I am lead to believe that when most people are asked to picture a green apple - the Granny Smith appears in the bubble of their mind. This is the green apple that you find in stores from January to December, rain or shine. It is pretty much the only green apple you find in most grocery stores. Does that mean that it is the only green apple out there? You might see a few apples that may look greenish, a not as golden, Golden Delicious or even a Ginger Gold picked more green. America's supermarkets are basically void of green apples not named Granny. Does America have room for more than one green apple in their produce aisle? As it turns out the Granny Smith is not the only apple with a green skin. I have a few of it's similar colored cousins. What might be the biggest surprise of all to you is that at least one of them was super sweet. I am talking Gala-sweet here!
If there was ever an apple that proved to me that not all green apples are tart, it was the Green Dragon apple. This is an extremely sweet apple with the really sweet name has hardly any tartness to it all. It has a tropical like pear flavor if that makes any sense! Very juicy and refreshing. It is distributed by Frieda's Produce. It's one worth seeking out, if not to just trick your friends.

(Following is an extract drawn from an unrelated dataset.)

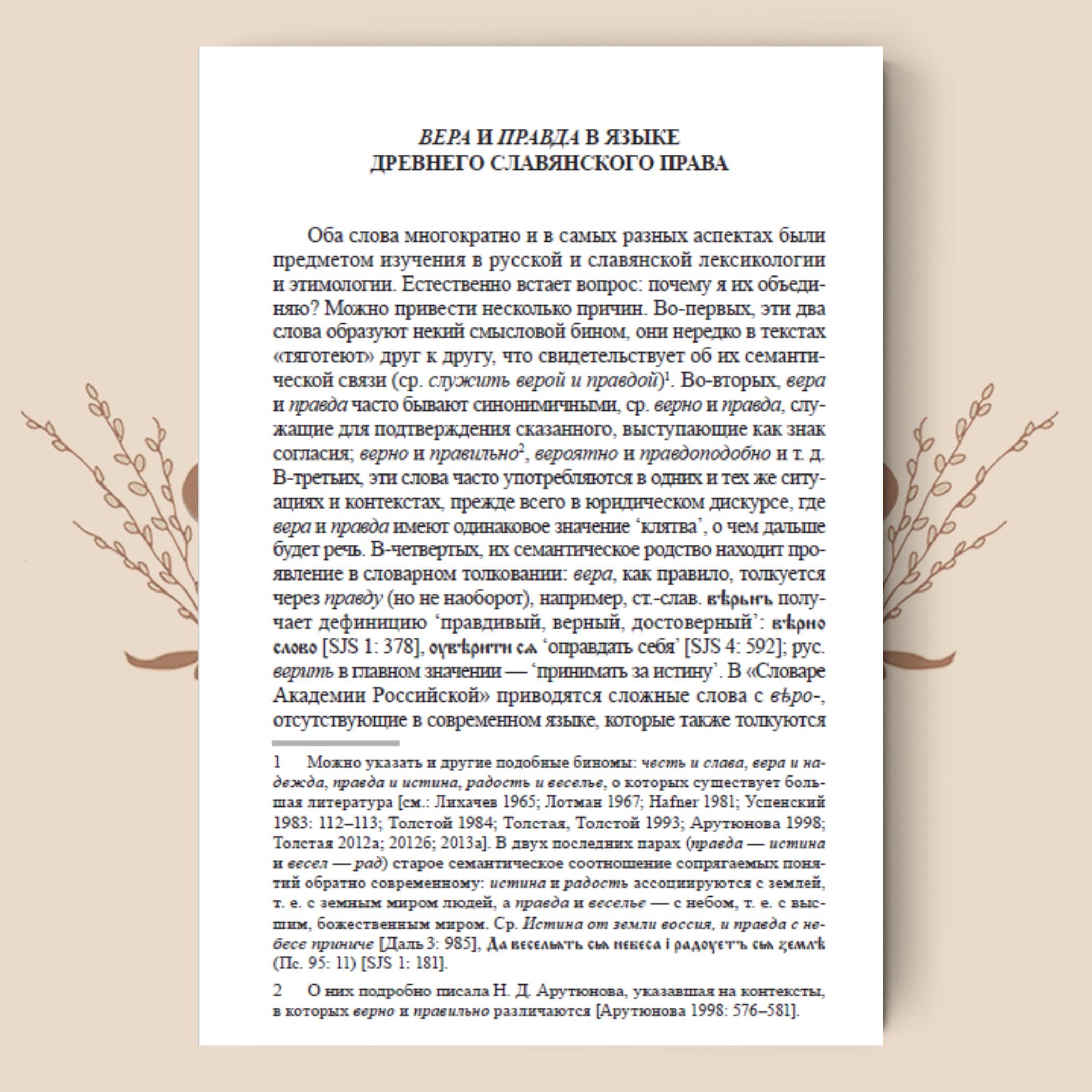 - Первая посвящена реконструкции значений праславянских слов, таких как mirъ (мир) и světъ (свет), věra (вера) и pravьda (правда).

Now this apple that dates back to the 1600s, is very much what you would think in a green apple. It's quite tart. I don't like eating these out of hand, however I absolutely love them for cooking or baking with. When cooked their flavor really shines, I would reach for these over a Granny anyday. They can be hard to find. I search them out every autumn.
Northwest Greening Apples
Another apple with the greening name. This one is not quite as tart as the Rhode Island Greening, so out of hand eating is an option. Reviews I have read of this apple say that it is a good cooking apple.
I have only had these apples once a couple years ago. In my experience this apple was sweet-tart and not all that crisp. Other reviews online seem to say that it is a crisp apple maybe I just got one that was past it's prime. The apple has a McIntosh-like flavor. It is in fact a cross between a McIntosh and a Golden Delicious.
The interesting thing about this apple is that is was developed as an alternative to Granny Smith in climates where it's hard to grow Granny Smith. Grannies are a late season apple - they need a long growing season, which isn't possible in areas like New England.